Well, I've been taking classes at WKU since January, 2004--a whole year now. I've been taking General Ed classes both semesters, so those aren't quite as pleasant as I think learning should be. Thank goodness I've gotten some of the nasty ones out of the way though, such as speech and literature. College really is a different world, and I've found myself with a wrinkled brow more than once. But at the same time, what a pleasure it is to actually find a kindred spirit. I try to find at least one "buddy" per class just in case I have to miss class sometime. I then have someone I can ask for homework assignments. In my algebra class, there are three of us who've sort've banded together and formed our own very unique "support group." No meetings or things like that, but if one of us couldn't get a concept, we have someone else to go to clear up the haze. We have all three signed up for the same Algebra 116 class next semester, so I'm not as apprehensive about that class as I am the others. I don't enjoy beginning new classes because you have to start over proving yourself to your new teachers. Most lump you together with the typical college student who skips class and doesn't care about grades, and sometimes it's hard to break out of the box they put you in.

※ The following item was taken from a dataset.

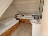 Deze vijf-persoons vakantiewoning heeft een woonkamer met zithoek en eettafel. In de woonkamer is een steile trap naar de verdieping waar zich 2 slaapkamers bevinden. De open keuken is voorzien van o.a. afwasmachine en combimagnetron. Op de begane grond is een één-persoons slaapkamer 90x200cm en een badkamer met douche en toilet. Op de verdieping zijn 2 slaapkamers voorzien van wastafel, één met 2 één-persoons bedden 90x200cm en één slaapkamer met een tweepersoonsbed 140x200cm. Er is een traphekje aanwezig.

My classes for next semester include another Algebra class, German, Art Appreciation, and ....Philosophy. I can NOT imagine sitting through a Philosophy class, and I've tried my best to get out of it. I was the victim of being in the last group eligible to sign up for classes, and it was literally the only thing left that would fit my very cramped schedule. I've got to have the class in order to keep my one very tiny scholarship I've actually managed to qualify for. In a fit of desperation, I contacted a teacher in a Junior-level class and asked--well, ok..begged--to be let in. He was very nice about it and said it's fine with him. I was put on his waiting list, but wouldn't you know it--once the slot became available, the department wouldn't let me in because I'm not a Junior yet. How discouraging is that? So I'm in the process of appealing it. I submitted a persuasive essay that any English teacher of mine should be proud of. It remains to be seen if it will do any good. I just don't think Plato and Socrates are ready for me yet.